Run the ZUNA model on preprocessed .pt files. Model weights are downloaded from HuggingFace automatically.
from zuna import inference
inference(
input_dir="path/to/working/2_pt_input",
output_dir="path/to/working/3_pt_output",
gpu_device=0, # GPU ID (default: 0), or "" for CPU
tokens_per_batch=100000, # Increase for higher GPU utilization
data_norm=10.0, # Normalization denominator (ZUNA expects std=0.1)
diffusion_cfg=1.0, # Classifier-free guidance (1.0 = no cfg)
diffusion_sample_steps=50, # Diffusion steps
plot_eeg_signal_samples=False, # Plot per-sample reconstructions (slow, for debugging)
inference_figures_dir="./FIGURES", # Where to save per-sample plots
)Convert model output .pt files back to .fif format, reversing normalization and stitching epochs back together.
from zuna import pt_to_fif
pt_to_fif(
input_dir="path/to/working/3_pt_output",
output_dir="path/to/working/4_fif_output",
)Generate comparison plots between pipeline input and output.
from zuna import compare_plot_pipeline
compare_plot_pipeline(
input_dir="path/to/original/fif/files",
fif_input_dir="path/to/working/1_fif_filter",
fif_output_dir="path/to/working/4_fif_output",
pt_input_dir="path/to/working/2_pt_input",
pt_output_dir="path/to/working/3_pt_output",
output_dir="path/to/working/FIGURES",
plot_pt=True, # Compare .pt files (epoch-level)
plot_fif=True, # Compare .fif files (full recording)
num_samples=2, # Number of files to compare
)Input .fif files must have a channel montage with 3D positions. If your files don't have one:
import mne
raw = mne.io.read_raw_fif('data.fif', preload=True)
montage = mne.channels.make_standard_montage('standard_1005')
raw.set_montage(montage)
raw.save('data_with_montage.fif', overwrite=True)For more information please see our technical whitepaper and blog. If you find ZUNA useful in your work, please cite accordingly.
Organizations or researchers interested in collaborating with Zyphra to improve future versions for specific needs or use cases should contact bci@zyphra.com.

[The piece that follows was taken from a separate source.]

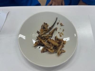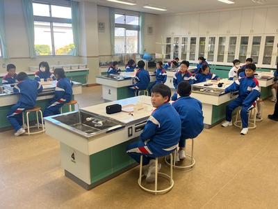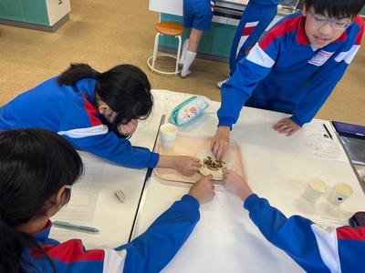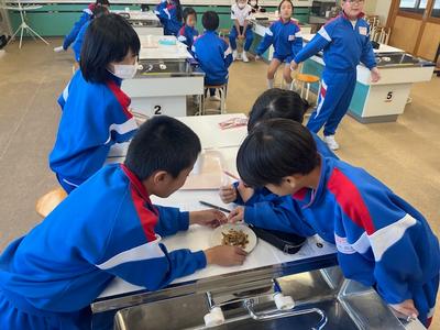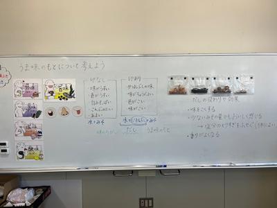 栄養教諭の先生と「食べ物のうま味のもと」について考えました。お湯に味噌だけを溶かしたものと、お湯で「いわし節」でだしをとってから味噌を溶かしたものを飲み比べて「うま味」の違いを感じとりました。食べ物を味わいながら食べることは、人間を豊かにすることに気がついたでしょうか。 |

This software and related services ("Services") are provided for research use only and are not intended for use in the diagnosis, cure, mitigation, treatment, or prevention of any disease or health condition. The Services have not been validated for any medical or clinical use. The information provided through the Services is for general informational purposes only and is not a substitute for any professional medical or healthcare advice. We do not warrant that any information provided through the Services is accurate, complete, or useful to you. Any reliance you place on such information is strictly at your own risk.